Матери такого не снести, она поднимает руку, и каким-то одеревенелым жестом указывает ему на дверь.
Похоже, что удар попал в цель. Хильде кажется, что она читает на его лице ужас, протест, отчаяние. Теперь он смотрит на нее, искоса, снизу: растерянным, упрямым, неправдоподобно-детским взглядом. Какой узел противоречий может завязаться в нашей душе за одну-единственную роковую секунду… Руди делает шаг к Хильде. Она воспринимает этот шаг как спасение. В невыносимом своем волнении она засунула пальцы в толстые спицы колеса машинки. Теперь Хильда хочет вытащить пальцы, освободиться, хочет встать, хочет на лету подхватить его слова: там все кончено, Хильда… и хочет ответить: мне нечего тебе прощать, Руди… Но вдруг она видит у него на шее царапины, глубокие следы ногтей. Она чувствует, что рот ее растягивается чуть ли не до ушей. Чувствует, что без сил опускается на стул, с которого еще и приподняться-то толком не успела.

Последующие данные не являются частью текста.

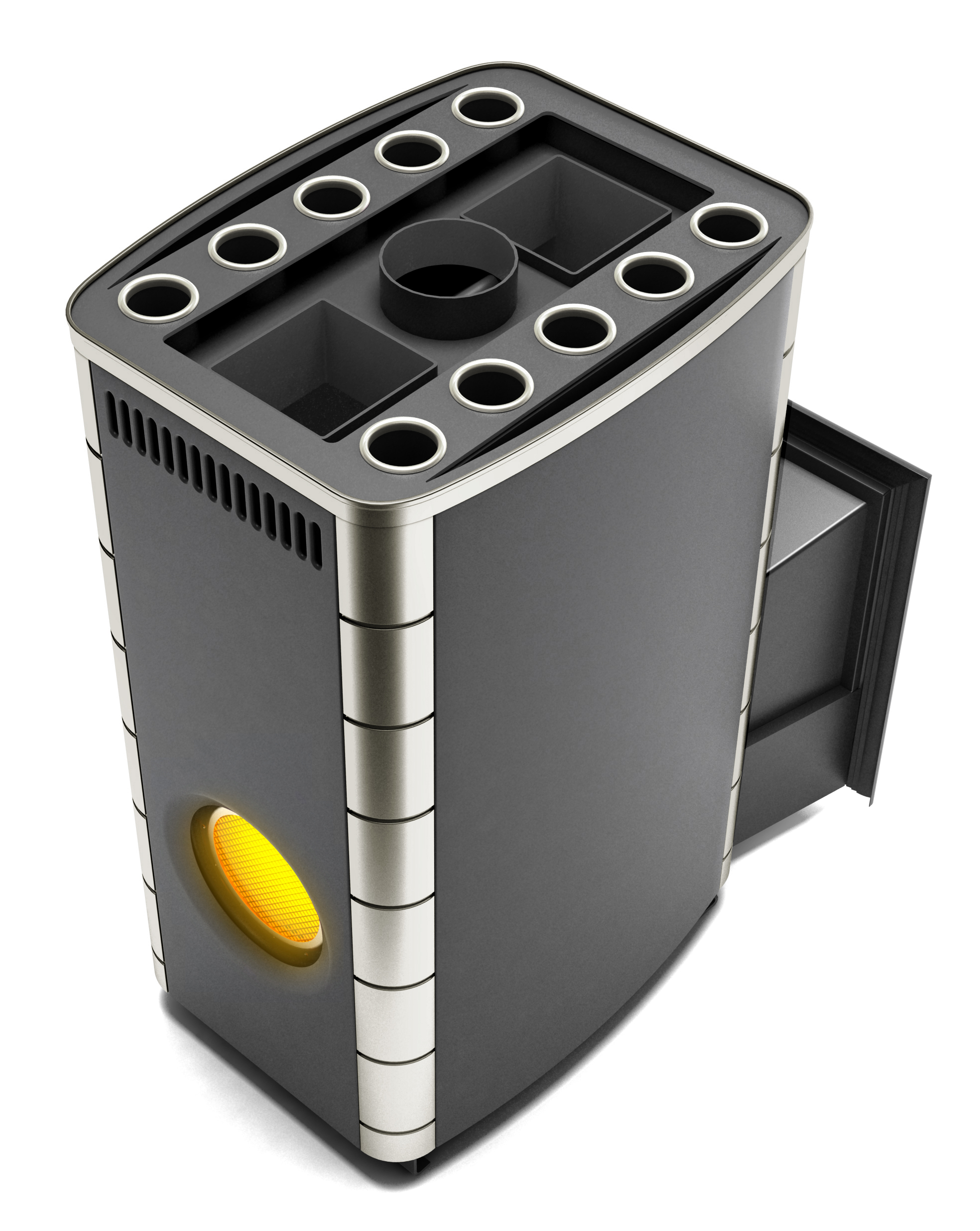 Быстрый нагрев парилки обеспечивает двухрядный десятицилиндровый теплообменник, который значительно увеличивает поверхность нагрева печи, не изменяя ее габариты. Глубокая закрытая каменка прогревается пламенем со всех сторон, обеспечивая качественный прогрев каменной закладки.

— Глоток воды, и я ухожу. — Голос у Руди срывается.
Мать словно окаменела. Он выходит, видно, затем, чтобы набрать в сенях воды в кружку. Дверь за ним бесшумно закрывается. Хильда слышит, как течет вода в раковину. Видит, как он пьет… Пьет из ее рук. Но мгновенное виденье рассеивается. За дверью на каменные плиты сеней падает и разбивается пестрая кружка. Мимо окна мелькает тень.
— Он принес муку, мать…
— Полную червей, Хильда.
Дора берет рюкзак, песет по лестнице наверх, даже не взглянув на его содержимое, и бросает к прочим вещам, принадлежащим Руди, их заберет Кэте или кто-нибудь еще.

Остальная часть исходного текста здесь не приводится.